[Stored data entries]
--------------------------------------------------

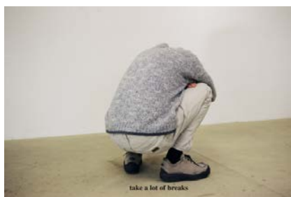
ERWIN WURM Instructions for Idleness , (détail de la série) 2001 tirage couleur, 43 x 65 cm. © ADAGP Paris 2012

« Tout ou partie des oeuvres figurant dans ce dossier de presse sont protégées par le droit d'auteur. Les oeuvres de l'ADAGP ( www.adagp.fr ) peuvent être publiées aux conditions suivantes : • Pour les publications de presse ayant conclu une convention avec l'ADAGP : se référer aux stipulations de celle-ci. • Pour les autres publications : - exonération des deux premières reproductions illustrant un article consacré à un événement d'actualité et d'un format maximum d' 1/4 de page; - au-delà de ce nombre ou de ce format les reproductions seront soumises à des droits de reproduction/représentation; - toute reproduction en couverture ou à la une devra faire l'objet d'une demande d'autorisation auprès du Service Presse de l'ADAGP ; - le copyright à mentionner auprès de toute reproduction sera : nom de l'auteur, titre et date de l'oeuvre suivie de © Adagp, Paris 201.. (date de publication), et ce, quelle que soit la provenance de l'image ou le lieu de conservation de l'oeuvre. » Ces conditions sont valables pour les sites internet ayant un statut de presse en ligne étant entendu que pour les publications de presse en ligne, la définition des fichiers est limitée à 400 x 400 pixels et la résolution ne doit pas dépasser 72 dpi.
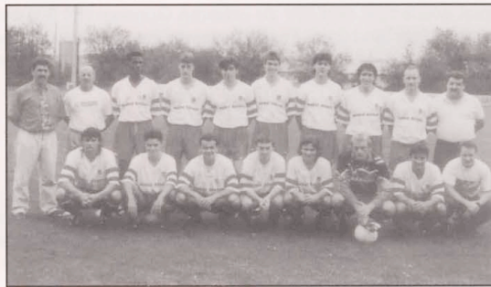
Coupe Brausch Jos: Tricolore Mannschaft
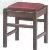
5 和風椅子 弥山D ダークブラウン [UISA-22] 目 価

1093-1738(黒レザー) 13-1111-0401 ¥18,300 1093-1739(赤レザー) 13-1111-0402 ¥18,300 1093-1740(カスリレザー) 13-1111-0403 ¥18,300
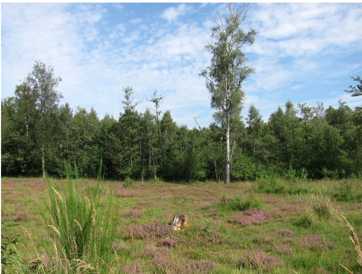
Heidefläche in der Ohligser Heide
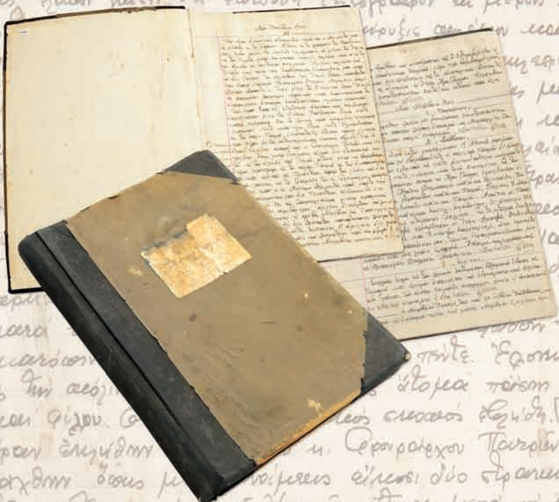
Το ημερολόγιο του υποδιοικητῆ χωροφυλακῆς μοίραρχου Εὐάγγελου Θέμελη, το ὁποῖο ξεκινᾶ τὴν πρώτη ἡμέρα τοῦ πολέμου «Μην Οκτώβριος 1940, 28 Δευτέρα» καὶ γιὰ ἓναν χρόνο καταγράφει τὴν πραγματικότητα τοῦ πολέμου καὶ τῆς γερμανικῆς κατοχῆς στὴν περιοχή τῶν Πατρῶν

Περι ἔργων ἡ πρῶτῃν ἀδοξασιᾶν περὶ τοῦ ἡ. Θεομισθίου καὶ μετὰ αὐτὸς εἰς τὸ Γρασεῖον. Φοδὸς αἰς τὸ Γρασεῖον τῆς Ἰασοῦ αὐτῶν ἔχουσιν κείνῃ ἐν ἐκείνῃ τῶν ἐργασίων εἰς μέτρον τῆς

--------------------------------------------------

■ Exercise prompt: Every entry, word for word, should be given again; the pictures are not part of the copy.

■ Answer space:
ERWIN WURM Instructions for Idleness , (détail de la série) 2001 tirage couleur, 43 x 65 cm. © ADAGP Paris 2012

« Tout ou partie des oeuvres figurant dans ce dossier de presse sont protégées par le droit d'auteur. Les oeuvres de l'ADAGP ( www.adagp.fr ) peuvent être publiées aux conditions suivantes : • Pour les publications de presse ayant conclu une convention avec l'ADAGP : se référer aux stipulations de celle-ci. • Pour les autres publications : - exonération des deux premières reproductions illustrant un article consacré à un événement d'actualité et d'un format maximum d' 1/4 de page; - au-delà de ce nombre ou de ce format les reproductions seront soumises à des droits de reproduction/représentation; - toute reproduction en couverture ou à la une devra faire l'objet d'une demande d'autorisation auprès du Service Presse de l'ADAGP ; - le copyright à mentionner auprès de toute reproduction sera : nom de l'auteur, titre et date de l'oeuvre suivie de © Adagp, Paris 201.. (date de publication), et ce, quelle que soit la provenance de l'image ou le lieu de conservation de l'oeuvre. » Ces conditions sont valables pour les sites internet ayant un statut de presse en ligne étant entendu que pour les publications de presse en ligne, la définition des fichiers est limitée à 400 x 400 pixels et la résolution ne doit pas dépasser 72 dpi.
Coupe Brausch Jos: Tricolore Mannschaft
5 和風椅子 弥山D ダークブラウン [UISA-22] 目 価

1093-1738(黒レザー) 13-1111-0401 ¥18,300 1093-1739(赤レザー) 13-1111-0402 ¥18,300 1093-1740(カスリレザー) 13-1111-0403 ¥18,300
Heidefläche in der Ohligser Heide
Το ημερολόγιο του υποδιοικητῆ χωροφυλακῆς μοίραρχου Εὐάγγελου Θέμελη, το ὁποῖο ξεκινᾶ τὴν πρώτη ἡμέρα τοῦ πολέμου «Μην Οκτώβριος 1940, 28 Δευτέρα» καὶ γιὰ ἓναν χρόνο καταγράφει τὴν πραγματικότητα τοῦ πολέμου καὶ τῆς γερμανικῆς κατοχῆς στὴν περιοχή τῶν Πατρῶν

Περι ἔργων ἡ πρῶτῃν ἀδοξασιᾶν περὶ τοῦ ἡ. Θεομισθίου καὶ μετὰ αὐτὸς εἰς τὸ Γρασεῖον. Φοδὸς αἰς τὸ Γρασεῖον τῆς Ἰασοῦ αὐτῶν ἔχουσιν κείνῃ ἐν ἐκείνῃ τῶν ἐργασίων εἰς μέτρον τῆς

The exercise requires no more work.